Il approche sa bouche et une onde électrique parcourt le ventre d’Adèle. La décharge atteint son sexe, le fait exploser, charnu et juteux, comme un fruit qu’on épluche. La bouche de l’homme a le goût du vin et des cigarillos. Un goût de forêt et de campagnes russes. Elle a envie de lui et c’est presque un miracle, une envie pareille. Elle le veut, lui, et sa femme, et cette histoire, et ces mensonges, et les messages à venir, et les secrets et les larmes et même l’adieu, inévitable. Il fait glisser la robe. Ses mains de chirurgien, longues et osseuses, effleurent à peine sa peau. Il a des gestes sûrs, agiles, délicieux. Il paraît détaché et tout à coup furieux, incontrôlable. Il a un sens certain de la dramaturgie, se réjouit Adèle. Il est si proche à présent qu’elle en a le vertige. Son souffle l’empêche de réfléchir. Elle est molle, vide, à sa merci.

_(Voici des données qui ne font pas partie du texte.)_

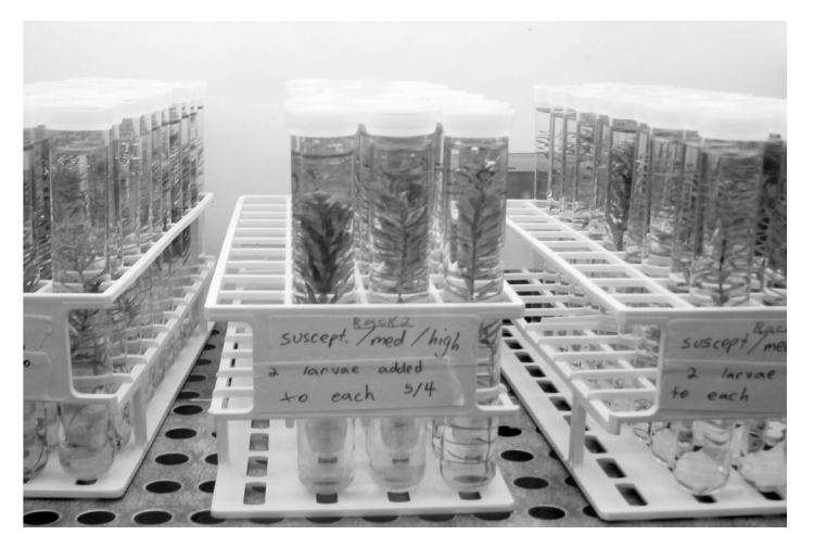
Figure 1. Experimental setup showing test tube racks with the three hydrilla genotypes and 10 replications per resistance level.

and Invasive Plants, Gainesville, Florida, in December 2007. Fluridone-susceptible hydrilla infested with H. pakistanae larvae was collected in a 19 L (5 gal) bucket and the top covered with Nitex® screen to trap emerging adult flies. The rearing procedure was similar to the one described by Goodson (1997). Samples of fluridone-susceptible, fly-free hydrilla were collected at the Santa Fe River in High Springs, Alachua County, Florida and placed into 3.8 L (1 gal) jars to establish a colony.

Il l’accompagne à la station de taxi, écrase ses lèvres contre son cou. Adèle s’engouffre dans la voiture, sa chair encore gorgée d’amour, les cheveux emmêlés. Saturée d’odeurs, de caresses et de salive, sa peau a pris une teinte nouvelle. Chaque pore la dénonce. Son regard est mouillé. Elle a un air de chat, nonchalant et malicieux. Elle contracte son sexe et un frisson la parcourt tout entière, comme si le plaisir n’était pas totalement consommé et que son corps recelait des souvenirs encore si vivaces qu’elle pourrait à tout instant les convoquer et en jouir.